Colonel W G Fryer (who later became a Maj Gen) was, in 1945, the Deputy Chief Engineer of 8 Corps. He later recalled how he had started the club. He said, “I found the Olympia Haven full of yachts and the Kieler Yacht Club locked up and empty. So I told the Chief Engineer and the Assistant Quarter Master General (AQMG) of 8 Corps that I was going to requisition some yachts from the harbour and form a yacht club. They both nodded, so I went ahead.”

The yachts were requisitioned, the clubhouse of the Kieler Yacht Club opened and, with six other interested officers, the first meeting was held. The British Kiel Yacht Club came into existence on 11th June 1945. Its burgee was designed by Col Fryer, but later in June he was posted to Washington and thus took no further part in the organisation of the Club.

The club house had been damaged during the bombing of Kiel. However, by the date of the first General Meeting, much work had been done by the Royal Engineers towards restoring the premises and making them habitable. The Club eventually opened socially after having been used as a saluting craft. During the final days of the conflict in 1945 Royal Artillery reconnaissance aircraft and Royal Engineers’ ground parties scoured the surrounds of Kiel looking for yachts. The Club flagship, ‘Jacunda’, was found by Lt Col McDonald and Bruno Splieth tucked away in a backwater of the Eider River where she had been hidden by her German owner. Her spars and sails were in a nearby barn.

The craft selected for retention in the Club ranged from ‘Stars’, ‘6 metres’, the ‘50’, ‘100’ and ‘150 square metres’ and a number of one-off cruising boats. Two lists of yachts are shown at Annex C – one having been compiled from the recollections of some of the earliest German employees of the Club, whilst the other is taken from a copy of the Club Bye-Laws of 1948.

During the winter all these craft were slipped and laid up under cover in the hangars of the former German Naval Air Station, Holtenau. During the war, Stickenhörn and the barracks at Holtenau had been part of a seaplane base. Although the hangars were damaged, their existence, and that of the jetty and slipway, made it an ideal site for the winter storage and maintenance of yachts -work which was done almost entirely by German staff. In the early days the slip could only take the smaller yachts – the bigger ones had to be lifted out by crane. There was only one cradle and no turntable, so it was a long job to get the whole fleet out of the water.

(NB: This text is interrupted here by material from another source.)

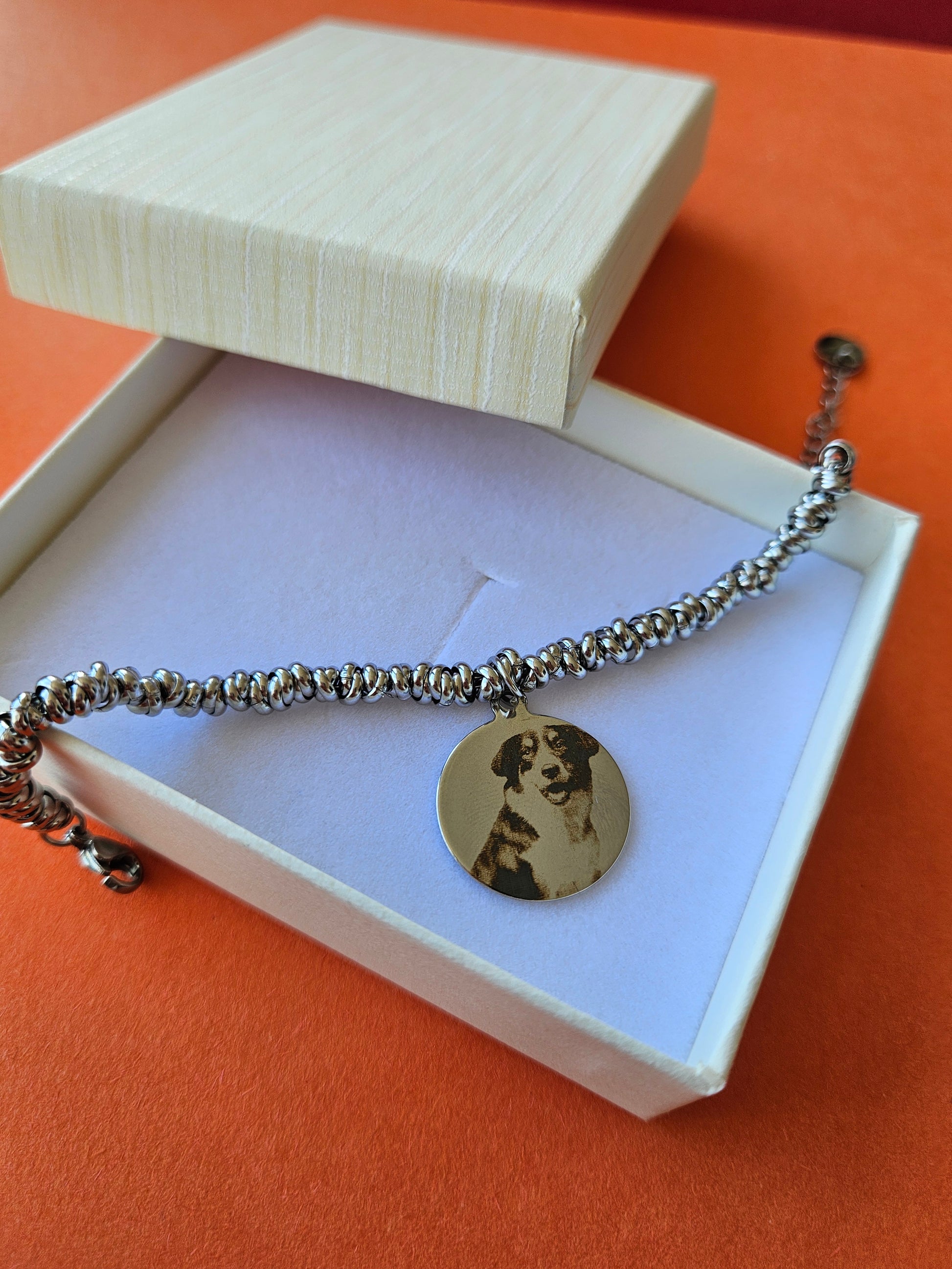 Bracciale con ciondolo tondo 22 millimetri con fotoincisione personalizzabile

The importance of an annual regatta corresponding to the internationally known and attended ‘Kieler Woche’ of the pre-war days was recognised by the Sailing committee and the first post-war Kiel Week was organised and held from 31st August to 4th September 1945. A successful programme included both class and handicap racing. The Week concluded with an impressive firework display from three Landing Craft moored in the harbour facing the club. The performance was made doubly spectacular by the accidental ignition of the complete stock on one of the Landing Craft. However the BKYC’s racing programme had started earlier than August. The first edition of the Kiel Journal, published on 7th July 1945, recorded that in the Club’s first race, which took place in pouring rain and very little wind", six ‘Star’ class yachts crossed the Start Line. The race was won by Maj Harvey-Jamieson of 312 Detachment. He went on to win the next Club race, this time for ‘6 metre’ yachts, from Flensburg to Kiel – the Vice Commodore, Lt Col McDonald, coming second by only a boat’s length after 10 hours racing!

In 1946 the first Club ‘cruising race’ was held when a handicap race to Eckernförde was arranged. In 1946 was also memorable for its Kiel Week which was held over the August Bank Holiday. A team from the Royal Copenhagen Yacht Club, together with Dutch and Norwegian sailing guests took part. The monthly magazine of HMS Royal Harold, BUZZ, recorded class racing for ‘6 metre’, ‘Star’, ‘50 square metres’ and handicap racing for the large cruisers. By then Maj Harvey-Jamieson appears to have been posed away, but the Vice Commodore was still doing well, sailing ‘Jacunda’ in the large cruiser handicap class.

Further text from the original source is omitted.